CINCINNATI, OH (FOX19) - Macy's Music Festival organizers are anticipating record crowds at Paul Brown Stadium this year.
It has been ten years since the festival was moved to Detroit following a boycott of city businesses and events. The boycott stemmed from concerns over racial injustice following the death of Timothy Thomas who was shot by police in 2001.
Lifelong Cincinnati resident Barbara Carr has been going to the festival since her teens and even made the trek to Detroit when it moved in 2003 after being cancelled the year before.
"It was nice but it wasn't the same as being home," she admitted. "Cincinnati seems to try to roll the red carpet out."
At the time festival promoters were concerned about what the move would mean for the festival long term.
Ultimately, with the help of Macy's and the Bengals, the event returned to the Queen City in 2005.
"When we first started back at Paul Brown Stadium it was a smaller version of what I remembered from the past, and this year is going to be the first year that our seats are full," Fran told FOX19.
Santangelo's family has been promoting the festival for decades.
"Finally now it's reattaching itself to Cincinnati," she said. "I think we've got that branding back."
"Time has changed," Ron Dumas emphasized. "We went through some peaks and valleys from the Timothy Thomas era to the boycott era. The city has healed, and we're in the healing process. I think we've overcome a lot, and I think it's growing momentum."

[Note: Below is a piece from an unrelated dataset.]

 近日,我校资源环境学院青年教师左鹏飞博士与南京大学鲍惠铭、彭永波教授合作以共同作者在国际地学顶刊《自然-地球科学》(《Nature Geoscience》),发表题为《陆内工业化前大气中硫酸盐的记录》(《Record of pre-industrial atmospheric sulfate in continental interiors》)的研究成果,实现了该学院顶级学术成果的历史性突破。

Working the festival for decades, Ron Dumas has seen people from across the county re-embrace the event.
"There's things that go on in the city but when it comes to this week everybody's here to have a good time," he said.

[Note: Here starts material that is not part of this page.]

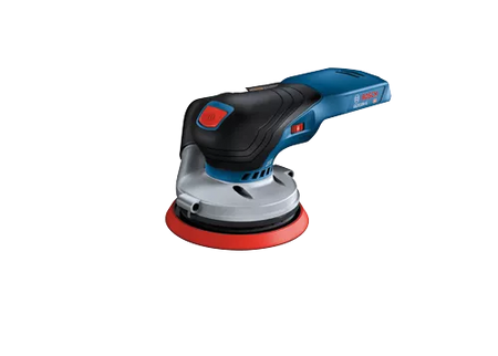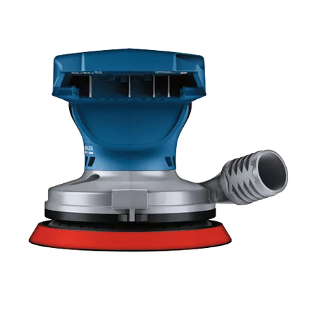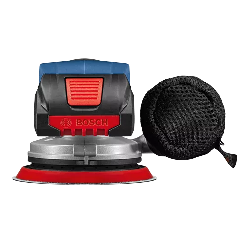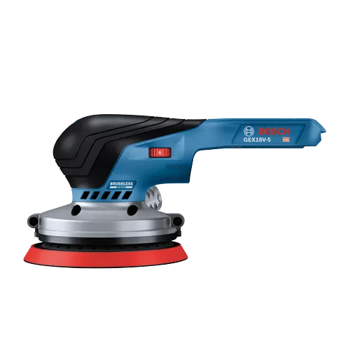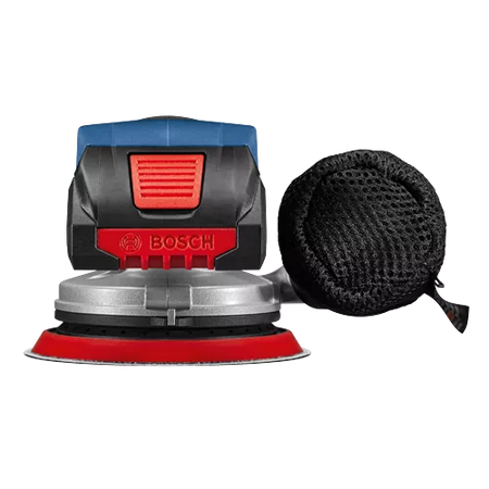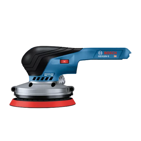 This 18V random orbit sander features a well-balanced ergonomic palm grip, which allows your hand to be closest to the work material to avoid tilting and pressing down, for best results. The easy-to-reach on/off switch offers intuitive operation. It has a vibration dampening element to help minimize user fatigue. The Bosch GEX18V-5 Brushless 5 In. Random Orbit Sander has a powerful 18V brushless motor, which delivers similar stock removal to a corded sander. The speed selector delivers best results in different materials and applications. The sander has a 5 In. 8-hole sanding pad, which provides optimal dust collection when the sander is attached to a vacuum or a dust bag. The dust pad is ideal for both flat and concave/convex surfaces. The included dust bag allows mobile dust collection, while the tool has an interface for vacuum hose attachment. The sander has a compact shape with close-to-the-workpiece design for control in hard-to-reach areas. It also has soft-start technology, constant speed and a hook-and-loop backing pad.

Barbara, however, feels outside of the festival, for Cincinnatians, it is a different story.
"I feel like the people in Cincinnati that are actually living here, we haven't made any leaps and bounds," she told FOX19. "We've got a lot of work to do. We've got a lot of young men that need a lot of help."

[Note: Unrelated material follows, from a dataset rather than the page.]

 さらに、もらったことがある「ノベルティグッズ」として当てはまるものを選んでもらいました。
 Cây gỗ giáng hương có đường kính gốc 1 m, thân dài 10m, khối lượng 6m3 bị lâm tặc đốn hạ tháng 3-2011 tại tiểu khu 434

Everyone agrees, however, the future should be the focus.
"I don't think it can be forgot but I don't think we can stay in the past," Carr said. "We have to go to the future. We want to make the future better, that's what I think. You can't do nothing about what happened we can only do something about what's going to happen tomorrow."
Fran recognizes the festival itself has a ways to go to recover from the loss of the momentum that occurred when the festival was moved, but she is confident they are on their way.
"I think by the crowds you'll see tonight you'll know how far we've come," Dumas pointed out.
"It feels great, just to see people coming down here," echoed Carr. "It's a beautiful day."